Accepted to ⚡ CVPR 2025 ⚡ .
This is the project repo for the paper CRISP: Object Pose and Shape Estimation with Test-Time Adaptation, which is accepted to CVPR 2025. In this paper, we consider the problem of estimating object pose and shape from an RGB-D image.
Our first contribution is to introduce CRISP, a category-agnostic object pose and shape estimation pipeline. The pipeline implements an encoder-decoder model for shape estimation. It uses FiLM-conditioning for implicit shape reconstruction and a DPT-based network for estimating pose-normalized points for pose estimation.
As a second contribution, we propose an optimization-based pose and shape corrector that can correct estimation errors caused by a domain gap. Observing that the shape decoder is well behaved in the convex hull of known shapes, we approximate the shape decoder with an active shape model, and show that this reduces the shape correction problem to a constrained linear least squares problem, which can be solved efficiently by an interior point algorithm.
Gradient Descent | ![]() |
![]() |
![]() |
Ours (BCD) | ![]() |
![]() |
![]() |
Third, we introduce a self-training pipeline to perform self-supervised domain adaptation of CRISP. The self-training is based on a correct-and-certify approach, which leverages the corrector to generate pseudo-labels at test time, and uses them to self-train CRISP. We demonstrate CRISP (and the self-training) on YCBV, SPE3R, and NOCS datasets. CRISP shows high performance on all the datasets. Moreover, our self-training is capable of bridging a large domain gap. Finally, CRISP also shows an ability to generalize to unseen objects.
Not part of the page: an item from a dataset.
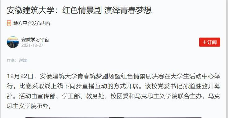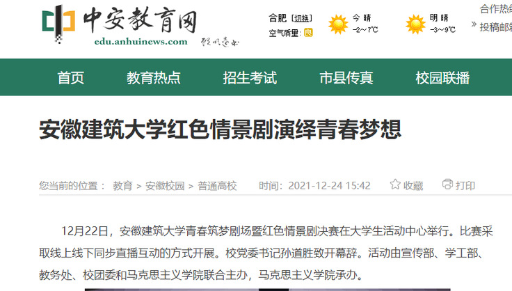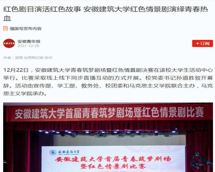 编者按:12月22日,beats365官方唯一青春筑梦剧场暨红色情景剧决赛在大学生活动中心举行。12月24日,中安在线对此进行了报道,12月27日、28日,学习强国平台、安青网、安青报对此进行了转载推介。

Below are some qualitative results on YCBV, SPE3R and NOCS:
Dataset | Qualitative Results |
---|---|
YCBV | ![]() |
SPE3R | ![]() |
NOCS | ![]() |
If you use this project in your research, pleace cite:
@article{Shi24arxiv-crisp,
title={CRISP: Object Pose and Shape Estimation with Test-Time Adaptation},
author={Shi, Jingnan and Talak, Rajat and Zhang, Harry and Jin, David and Carlone, Luca},
journal={arXiv preprint arXiv:2412.01052},
year={2024}
}
We recommend using Mamba to manage your environment. Run the following command to create a new environment with the required dependencies:
mamba env create -f environment.yml
In addition, you need to compile and install PyTorch3D and xformers from source. For PyTorch3D, build it from source:
MAX_JOBS=N pip install -v "git+https://github.com/facebookresearch/pytorch3d.git@stable"
where you can set N to be the maximum number of workers used for ninja to compile files.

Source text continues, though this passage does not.